Work item:
When you reach the line in the listing below that contains "Trausaal Burg Scharfenstein", begin returning lines exactly as written, and stop after the line that contains "低学年 自立活動「電車ごっこ」 友達とペースを合わせて歩くよ。". Return no other lines.

Data for the task:
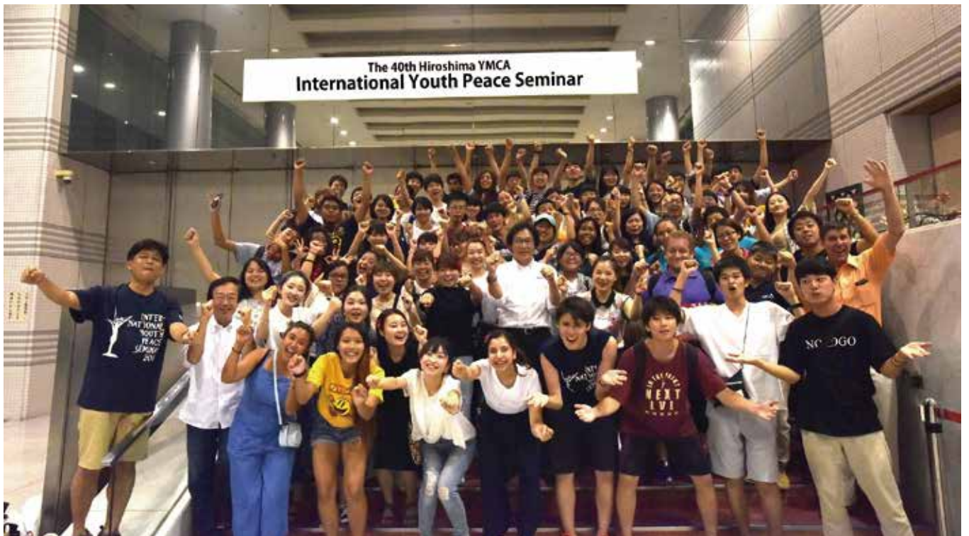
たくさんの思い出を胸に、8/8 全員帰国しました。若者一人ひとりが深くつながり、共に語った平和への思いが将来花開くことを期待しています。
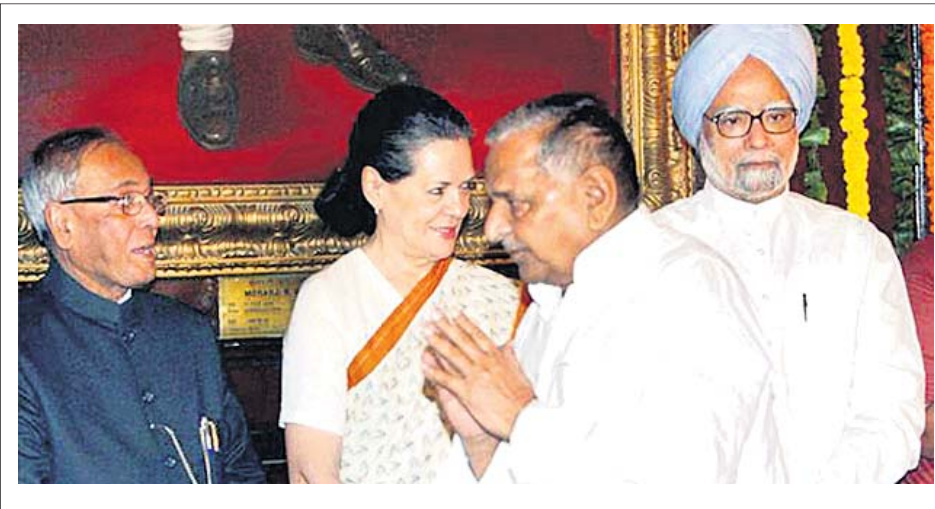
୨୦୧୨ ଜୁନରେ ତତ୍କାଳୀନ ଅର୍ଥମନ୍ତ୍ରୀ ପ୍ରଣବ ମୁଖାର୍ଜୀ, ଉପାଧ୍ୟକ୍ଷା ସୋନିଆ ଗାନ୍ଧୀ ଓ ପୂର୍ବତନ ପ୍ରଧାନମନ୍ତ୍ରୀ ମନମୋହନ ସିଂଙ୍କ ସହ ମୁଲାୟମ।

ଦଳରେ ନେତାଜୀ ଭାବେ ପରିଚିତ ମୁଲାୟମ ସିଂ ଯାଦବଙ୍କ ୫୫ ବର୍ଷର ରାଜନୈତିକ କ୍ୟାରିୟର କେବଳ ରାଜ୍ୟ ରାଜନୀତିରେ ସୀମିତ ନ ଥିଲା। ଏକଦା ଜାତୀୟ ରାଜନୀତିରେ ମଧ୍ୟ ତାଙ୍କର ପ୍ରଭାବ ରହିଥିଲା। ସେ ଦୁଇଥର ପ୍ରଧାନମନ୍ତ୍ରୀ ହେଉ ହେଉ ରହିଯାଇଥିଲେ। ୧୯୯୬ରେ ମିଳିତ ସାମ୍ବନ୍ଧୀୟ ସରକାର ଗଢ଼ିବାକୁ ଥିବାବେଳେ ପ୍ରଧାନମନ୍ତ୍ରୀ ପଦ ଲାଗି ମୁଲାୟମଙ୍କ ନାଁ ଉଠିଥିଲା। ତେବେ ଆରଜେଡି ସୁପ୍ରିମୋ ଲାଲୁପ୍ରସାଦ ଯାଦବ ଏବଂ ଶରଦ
==
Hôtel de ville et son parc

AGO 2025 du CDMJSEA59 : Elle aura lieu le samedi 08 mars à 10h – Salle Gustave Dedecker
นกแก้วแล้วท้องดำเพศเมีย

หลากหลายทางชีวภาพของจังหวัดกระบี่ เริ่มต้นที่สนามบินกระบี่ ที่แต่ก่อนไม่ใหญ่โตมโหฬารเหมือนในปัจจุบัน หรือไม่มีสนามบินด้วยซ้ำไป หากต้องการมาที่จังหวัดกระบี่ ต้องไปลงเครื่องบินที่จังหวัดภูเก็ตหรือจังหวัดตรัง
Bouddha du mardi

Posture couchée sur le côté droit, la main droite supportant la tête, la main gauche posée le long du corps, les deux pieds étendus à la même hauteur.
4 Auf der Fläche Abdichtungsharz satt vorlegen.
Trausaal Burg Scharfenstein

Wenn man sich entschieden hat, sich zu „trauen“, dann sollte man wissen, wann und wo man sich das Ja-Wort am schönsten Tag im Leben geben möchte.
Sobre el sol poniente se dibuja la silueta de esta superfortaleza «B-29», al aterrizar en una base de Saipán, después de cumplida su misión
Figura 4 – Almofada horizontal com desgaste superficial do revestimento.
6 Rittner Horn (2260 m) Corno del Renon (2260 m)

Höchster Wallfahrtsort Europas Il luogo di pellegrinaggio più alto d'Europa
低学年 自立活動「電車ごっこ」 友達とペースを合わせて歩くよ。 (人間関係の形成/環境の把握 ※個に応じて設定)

Answer to this problem:
Trausaal Burg Scharfenstein

Wenn man sich entschieden hat, sich zu „trauen“, dann sollte man wissen, wann und wo man sich das Ja-Wort am schönsten Tag im Leben geben möchte.
Sobre el sol poniente se dibuja la silueta de esta superfortaleza «B-29», al aterrizar en una base de Saipán, después de cumplida su misión
Figura 4 – Almofada horizontal com desgaste superficial do revestimento.
6 Rittner Horn (2260 m) Corno del Renon (2260 m)

Höchster Wallfahrtsort Europas Il luogo di pellegrinaggio più alto d'Europa
低学年 自立活動「電車ごっこ」 友達とペースを合わせて歩くよ。 (人間関係の形成/環境の把握 ※個に応じて設定)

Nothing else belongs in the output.